Beauty Matters

It’s really important to fill your life with beauty. Particularly because we live in such a cynical, hard-edged era.

Beauty matters. And it can take on many forms.

Art can be beautiful. It’s often trash or mediocre, but the classics will always be there, and there are contemporary artists who appreciate beauty. Pay a visit to a fine art gallery the next time you’re in a major city, or even in your local town. Art has a way of uplifting that’s almost magical, and too many of us have forgotten it.

Find the beautiful in movies and even television. Beauty will be the exception, and not the norm, but it’s always there, and production quality is better than ever before. Hunt down the exceptions.

Find beauty in novels, short stories and even poetry. Do NOT limit your reading to news or social media … please! Find beauty in biographies of beautiful people – beautiful souls. Reading biographies is one of my favorite activities. I recently finished one about Ben Franklin. Right now I’m reading one of Leonardo da Vinci. There’s no better way to access beauty than reading about the lives of people like these.

When possible, find beauty in relationships or friendships. It’s hard. We live in a cynical era where integrity doesn’t seem to matter. Integrity is crucial in a relationship or friendship – it’s the psychological and moral equivalent of the ground you walk on. People without integrity are like bridges that collapse or elevators that shoot straight to the ground. Not good! We all know people who talk about the integrity they claim to have and then proceed to display little or none of it. Those are the worst. But if you’re fortunate enough to find one or two people of high and real integrity, then you have struck gold. Treat them as such.
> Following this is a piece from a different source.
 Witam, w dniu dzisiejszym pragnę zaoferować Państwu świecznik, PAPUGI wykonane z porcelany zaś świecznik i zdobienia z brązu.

Find beauty in nature. But also find it in man’s creations. I enjoy nature – the ocean, the mountains, the sunset – because I realize the whole reason I’m enjoying nature is that man-made arts and sciences have made life comfortable enough for me to do so. If it weren’t for materialism and capitalism, nature would be my enemy rather than my friend. I likewise enjoy the stimulation of a place like New York, London, Las Vegas or Miami – for the amazing contrast such places have provided to the nature surrounding them. Such cities are monuments to human achievement on earth, despite nature and the threats it can pose.
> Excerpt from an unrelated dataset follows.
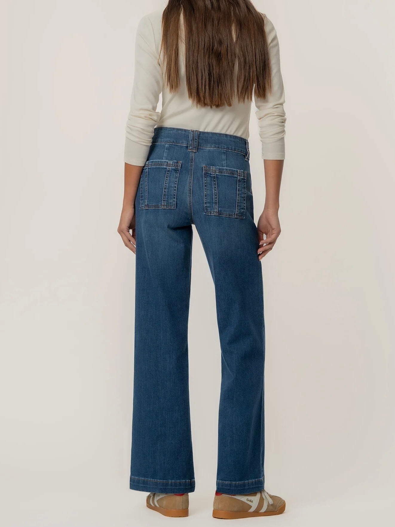 Structured meets effortless in these high rise, straight leg jeans, designed in a classic medium wash with a modern edge. Porkchop pockets and a double button closure add utility-inspired detail, while the stretchy material keeps the fit flexible and flattering from day to night.

If you’re fortunate enough to live in the Western, civilized world, then you are – materially speaking – living in the best era ever. Thomas Jefferson, Ben Franklin, da Vinci, Michelangelo and Aristotle would all rightly envy you for your comforts in the twenty-first century. Intellectually and psychologically, however, it’s SO not the Renaissance, and so not the Enlightenment. But by appreciating and enjoying the material comforts you have, and making sure you bring beauty into your life every day, you will live the greatest life imaginable.